Do you find yourself spending long flight hours stuck to your seat? Even while travelling in the most luxurious flight on a super-comfy seat can turn out tiresome and uncomfortable. By performing some simple exercises, you can improve on comfort, stiff muscles, relieve anxiety and improve circulation.
Put together are simple moves that you can perform whilst seated, to keep you calm and energized.
Make every possible step count. If you get up to go to the lavatory, try extending your walking time by heading to the washroom that’s farthest away from your seat. If travelling on a long haul flight, talk walks up and down the aisle at least once an hour.
Its a simple stretch that everybody performs naturally and instinctively. Stand up right reach up and lock both arms high above your head and try to touch the ceiling. If you like to avoid the audience, best move to the back of the plane. This can also be performed while seated.
Relax your neck muscles, drop your head to the right as much as it naturally can. In a rotatory movement gently move your head around to the front and then to the left side. Hold the side, front, and other side positions for a few extra seconds to maximize the stretch.
Seated straight with relaxed shoulders reach across and hold your left shoulder with your right hand and your right elbow with you left hand. Maintain this position for 15 seconds then do the other arm. Repeat thrice.
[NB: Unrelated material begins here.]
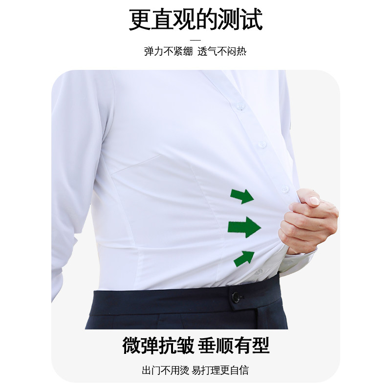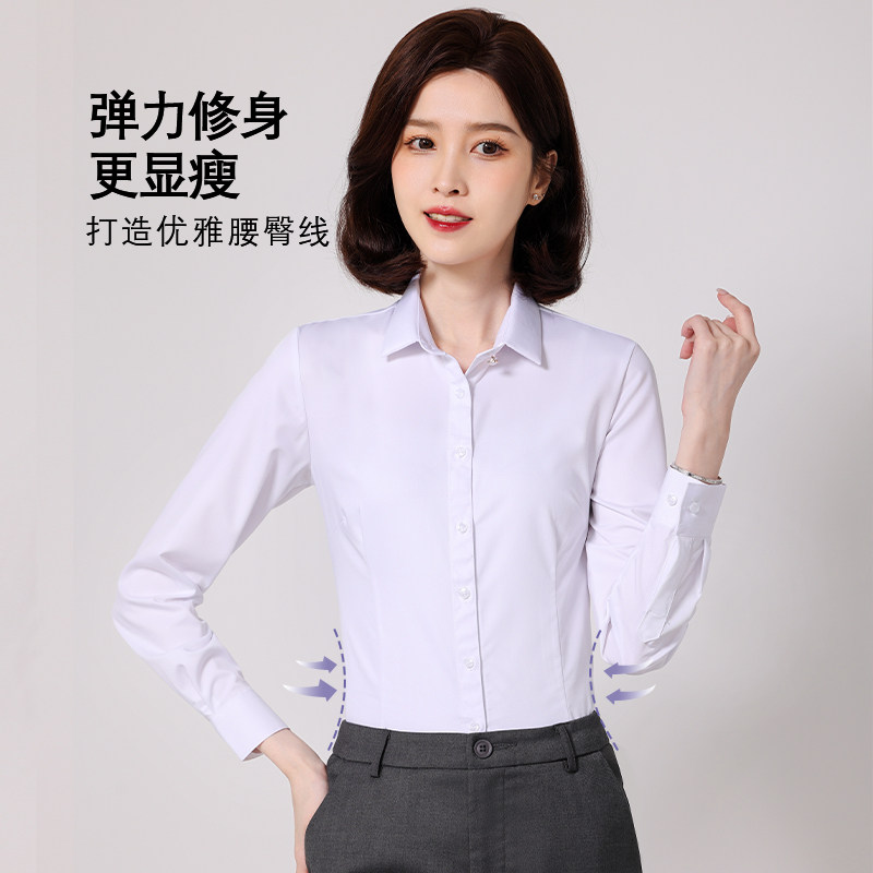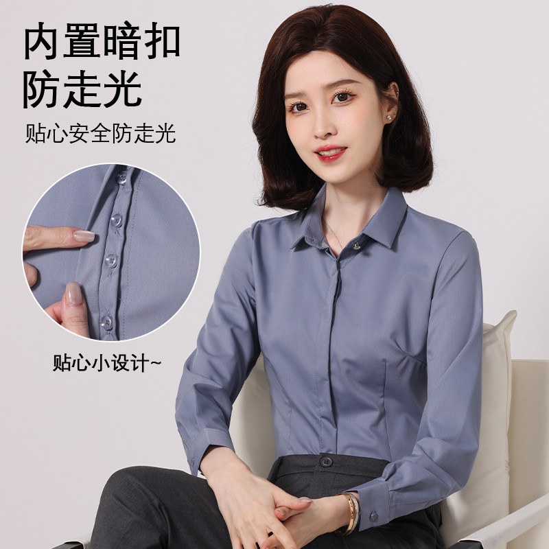 气质免烫白衬衣女工作服 商务职业正装 竹纤维V领灰色衬衫 女士长袖
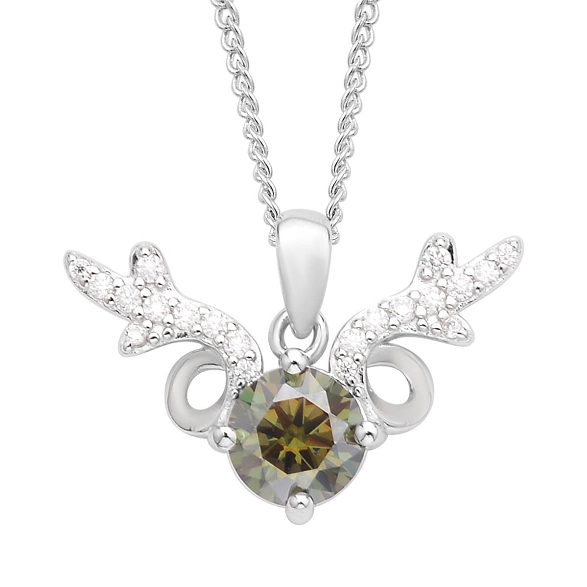 Green and White Moissanite Deer Antler Pendant Necklace 18 Inches in Rhodium Over Sterling Silver 1.15 ctw

Strengthen your back and tighten your stomach while breathing for extra back support. Exhale and pull your belly button in toward your spine, hold for couple of seconds, release while inhaling and repeat.
While seated place your right leg on your left knee. Twist across with your shoulders, as to reach your right knee with your left hand. Hold for 15 seconds and alternate between left and right legs, twist as far as you naturally can. Repeat thrice.
The knee up
Reach forward clasp both hands around your right knee and lift it to your chest. Hold for 15 seconds and follow up with your left knee. Repeat thrice.
Seated calf raises & Toe lifts
Sit with a straight back, hands on your thighs and feet flat on the floor. Raise your heels off the ground, hold a few seconds and return to original position. Follow with toe lifts by raising your toes as high as possible with heel fixed on the floor. Repeat 5 times.